2 – Le deuxième avis considère que la délimitation de l’âge des bêtes du sacrifice est un sujet purement finaliste, donc soumis à l’interprétation, tout en ayant une dimension cultuelle. La délimitation par les Textes d’un âge minimal des bêtes vise en fait à s’assurer de la disponibilité d’une quantité suffisante de viande pour générer un climat de joie et de gaieté dans les foyers et auprès des pauvres et des nécessiteux qui bénéficient de ce sacrifice. Telle est la finalité visée par le Prophète (Paix et bénédictions de Dieu sur lui) dans son hadith « Mangez-en, nourrissez-en les pauvres et conservez-en » d’après Mouslim et Al Boukhari.

Cette lecture jurisprudentielle est notamment défendue par l’auteur d’al-Hidaya qui a évoqué la notion d’Al Jad’a en disant : Si la bête est bien portante (bien charnue) de sorte que si elle est assemblée avec des bêtes âgées de 2 ans, l’on ne peut faire la différence entre les deux de loin, alors cette bête (de 6 mois à un an) sera valide pour le sacrifice rituel. (Voir Zaad al Maad-Ibn Al Qayyim 2/371).

Et c’est cet avis que le Conseil Européen de la Fatwa et de la Recherche a adopté dans son communiqué n°5 :

« La délimitation de l’âge minimal pour les bêtes du sacrifice dans les ovins et les bovins a pour but de s’assurer du profit du produit (viande) du sacrifice qui en est la condition de validité. Et l’âge de la bête en est l’indice.

La règle générale stipule que l’on s’attache à l’âge de la bête dans les conditions et circonstances où la croissance de la bête est naturellement conditionnée par son avancée dans l’âge. Mais de nos jours, les ovins ont une croissance assez rapide, notamment en Europe, tout comme les veaux destinés à l’abattage qui sont engraissés soit naturellement soit artificiellement et qui ont une croissance fulgurante en si peu de mois, alors leur usage comme bête de sacrifice restera valide tant qu’ils satisfont à la finalité voulue par le législateur en prescrivant l’âge minimal des bêtes. Cet avis juridique est d’ailleurs partagé par un certain nombre de savants malékites »

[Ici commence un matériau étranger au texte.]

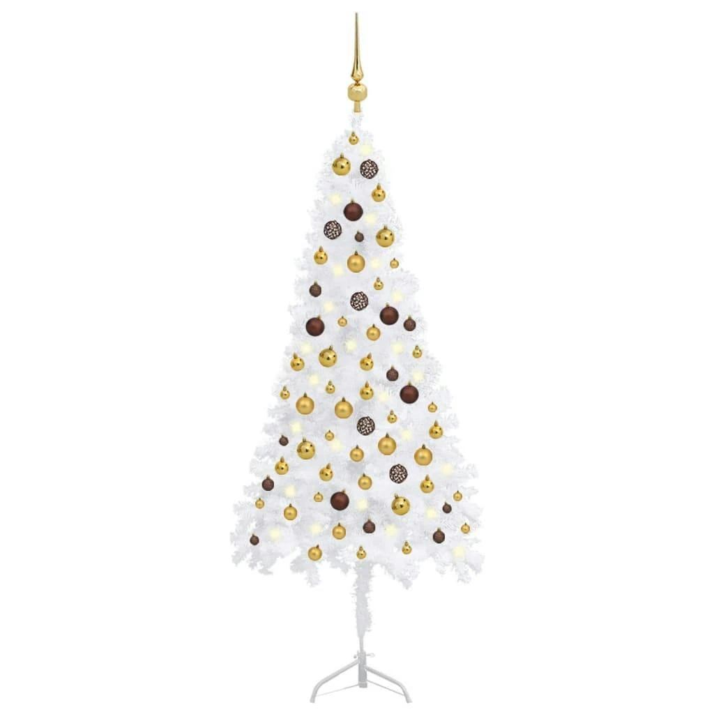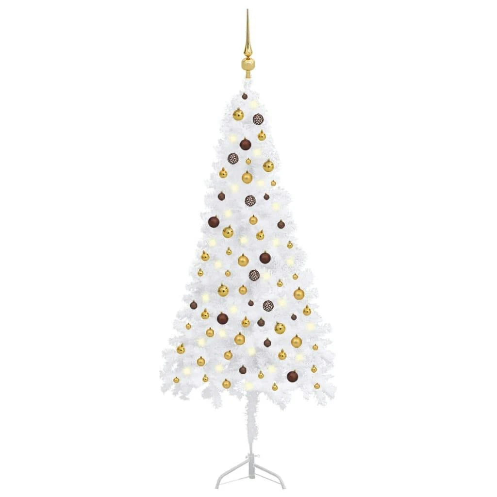 Dieser künstliche Eck-Weihnachtsbaum wird ganz bestimmt zum magischen Blickfänger unter Ihren Weihnachtsdekorationen sein und eine einzigartige Weihnachtsatmosphäre schaffen! Dieser schöne Weihnachtsbaum aus PVC ist in Form und Aussehen sehr naturgetreu. Alle Äste können nach Belieben ausgerichtet werden, wodurch Sie den Baum in die perfekte Form bringen können. Der mitgelieferte Christbaumständer aus Stahl verleiht Ihrem Tannenbaum optimale Stabilität. Darüber hinaus kann der Eck-Weihnachtsbaum jedes Jahr wieder verwendet werden, was ihn im Vergleich zu einem echten Baum zu einer sehr wirtschaftlichen Wahl macht. Mit energieeffizienten LED-Leuchten ausgestattet, leuchtet er sehr schön auf und schafft eine gemütliche Weihnachtsstimmung. Darüber hinaus ist dieser Weihnachtsbaum mit einer schönen Spitze und Kugeln verziert und wird ein echter Hingucker in Ihrem Zuhause sein. Dieser Baum ist ein Viertel eines normalen Baumes, daher ist er geeignet, in eine Ecke gestellt zu werden. Wo der Platz begrenzt ist, ist dieser Weihnachtsbaum die perfekte Wahl.

Sur la base des avis juridiques et de ces considérations finalistes sur la célébration de ce rite et sa pérennisation en la transmettant aux générations à venir, le CTMF préconise de préserver cette tradition rituelle et affirme que les conditions de l’âge des bêtes pour ceux qui ne peuvent pas la garantir ne saurait être une raison pour ne pas l’accomplir. D’autant que le sacrifice n’est pas restreint uniquement aux ovins et qu’il y a une vaste latitude jurisprudentielle pour sacrifier d’autres bêtes.

Le Conseil Théologique Musulman de France souligne qu’on ne saurait renoncer à un rite sacré tel que le sacrifice de l’Aïd el Adha en raison d’une simple divergence jurisprudentielle secondaire.

Le CTMF, attire l’attention des musulmans sur un certain nombre de mesures à respecter, et souhaite leur coopération, afin de célébrer cette fête de l’Aïd dans la sérénité, la joie et la civilité.

  • Le sacrifice doit avoir lieu après la prière de l’Aïd
  • Le sacrifice peut être accompli par une personne ou une institution autre que le propriétaire de la bête (ovin ou bovin)
  • Le sacrifice peut être accompli durant trois jours (le jour de l’Aïd et les trois jours suivants).
  • La bête (ovine ou bovine) choisie pour le sacrifice doit être dénuée de tout vice : ni borgne, ni boiteuse, ni maigre, ni malade.
  • Les normes de sécurité et les règles sanitaires, les conditions d’abattage rituel en vigueur sont à respecter et ce dans l’intérêt des consommateurs.
  • Les boucheries Halal respectant les règles d’abattage rituel peuvent être chargées du sacrifice pour le compte des intéressés afin d’éviter les abattages clandestins accomplis souvent dans des conditions inacceptables, tant pour l’animal que pour l’hygiène.
  • Les dons du prix du sacrifice aux organisations humanitaires et/ou aux plus démunis restent une solution pour les personnes se trouvant dans l’impossibilité d’accomplir cet acte d’adoration. Néanmoins, ce dernier ne doit en aucun cas disparaître de la pratique des musulmans.
  • Les musulmans sont appelés à joindre leurs efforts à ceux des responsables des mosquées, aux professionnels et à ceux des pouvoirs publics pour un meilleur déroulement de l’opération de l’abattage.

CTMF
Paris le 16/07/2018  – 3 Doul al quida 1439.